Traffic Management Project
Economies in Southeast Asia are turning to AI to solve traffic congestion, which hinders mobility and economic growth.
The first step in the push towards alleviating traffic congestion is to understand travel demand and travel patterns within the city.
Can we accurately forecast travel demand based on historical Grab bookings to predict areas and times with high travel demand?
The given dataset contains normalized historical demand of a city, aggregated spatiotemporally within geohashes and over 15-minute intervals. The dataset spans over a two month period.

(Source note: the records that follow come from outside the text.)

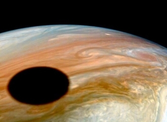 木卫一投在木星上的影子(图片来源:NASA、喷气推进实验室-加州理工学院、美国西南研究院和马林空间科学系统公司)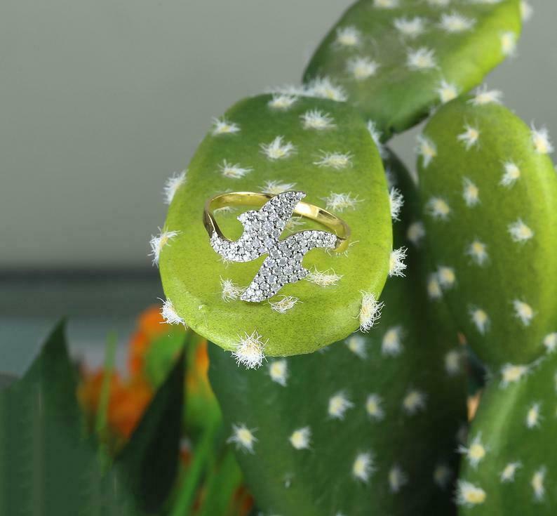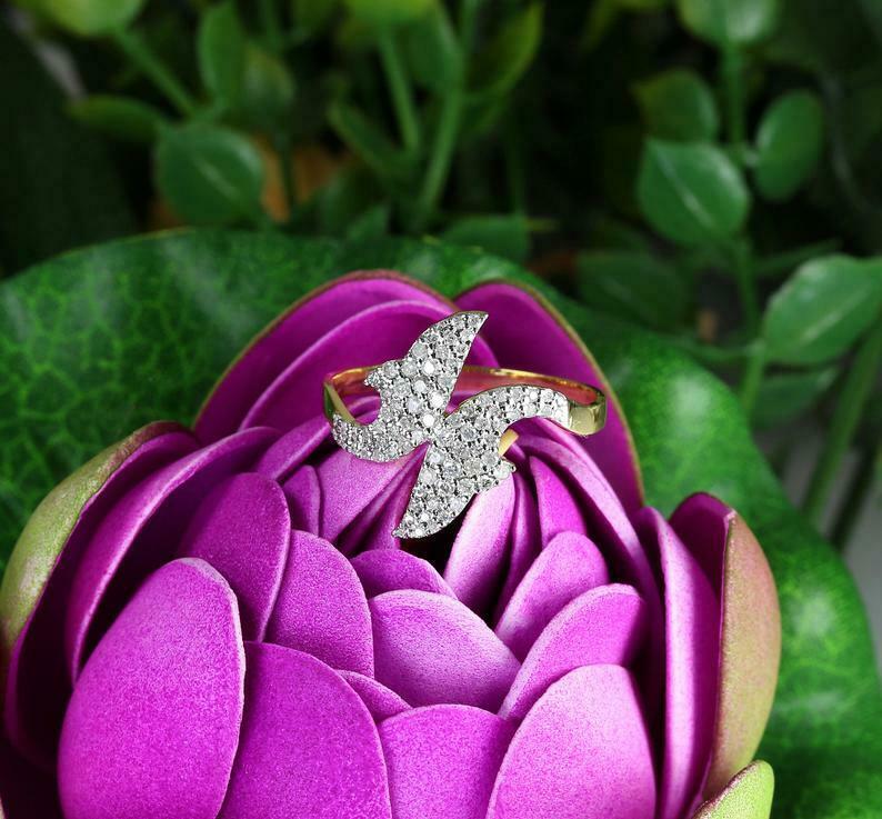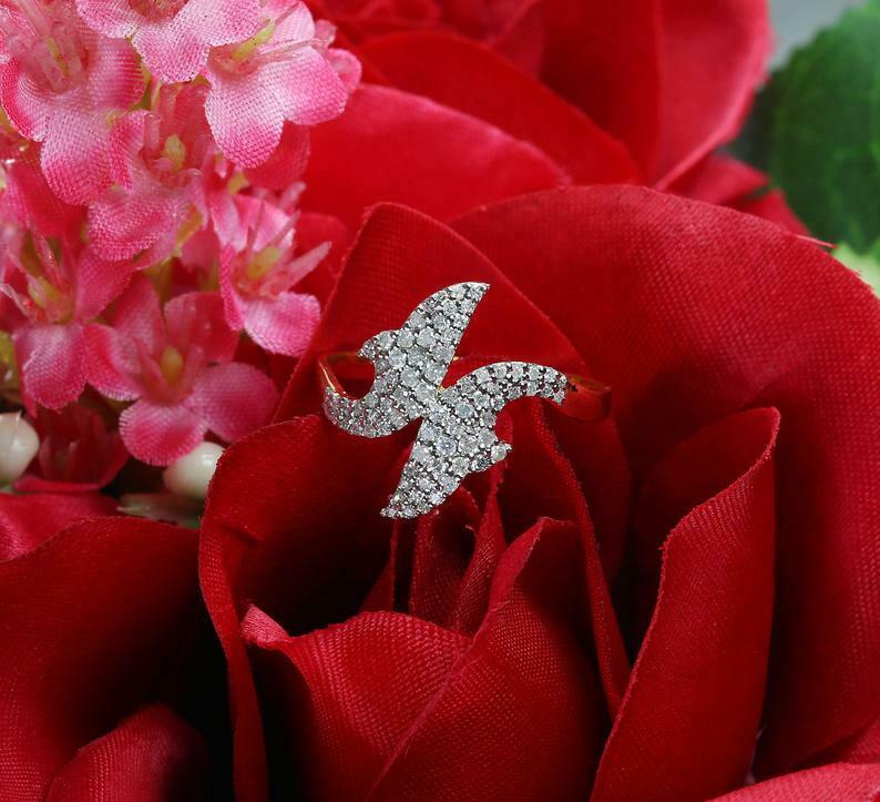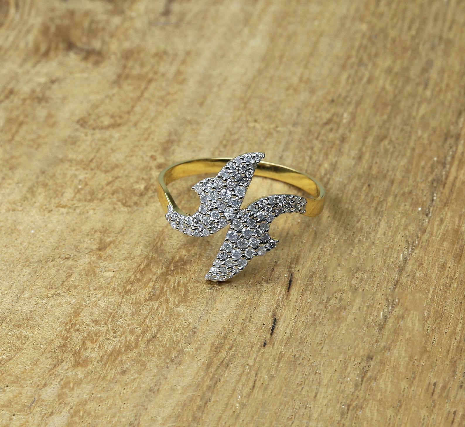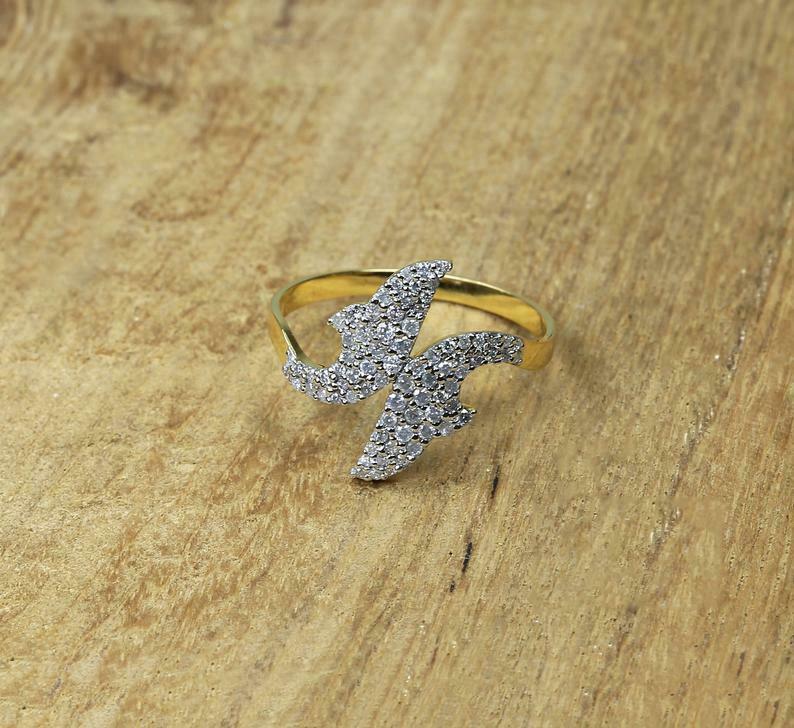1.6ct Round Cut Diamond Engagement Ring Dual Dolphin Fish 14k Yellow Gold Finish
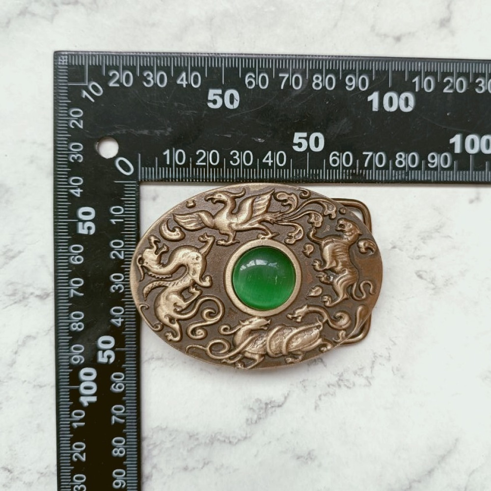 Пряжка декоративная "Мифические звери" выполнена из латуни в технологии литья. Посредине пряжки - камень изумрудного цвета.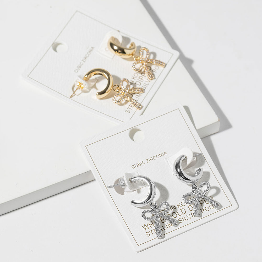 • Stylish crescent hoop earrings finished with a sparkling CZ bow charm that adds graceful movement and feminine appeal. This elegant drop design blends playful detail with a polished silhouette, making it ideal for everyday styling, gifting, and boutique jewelry collections seeking timeless yet trendy accents.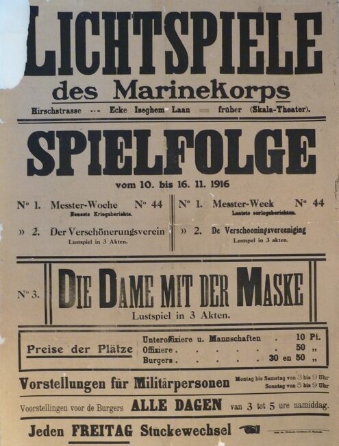 Formaat : 85 x 61 cm. Affiche van cinemaprogramma 10 – 16 november 1916. Linkerbovenhoek beschadigd.

geohash6: encoded geographic location
day: days follow a sequential order and not a particular day of the month
timestamp: 15-minute intervals
demand: aggregated demand normalized with values from 0 to 1
We can make the following assumptions and draw some conclusions from them about the trends in data:
- From the demand by day graphs, it is obvious that the demands are increasing in every five days and then we could notice the low demand in the following two days.
- From the demand by location (latitude and longitude) graphs, the southern and central locations have high demand.
- An interesting issue is that most of the coordinates lie in the Indian ocean.
- I grouped the entire dataset by time (binned into quarter hours).
- I also added additional features based on the time and day of the week.
- These features are transformed into sine and cosine forms for catching the relationship in cyclic numerical features.
- Random Forest regression The results show that the ability of the Random Forest algorithm is to capture the complexities in the features, especially latitude and longitude
For further improvement, Apache Spark can be used as Spark clusters for high-performance models.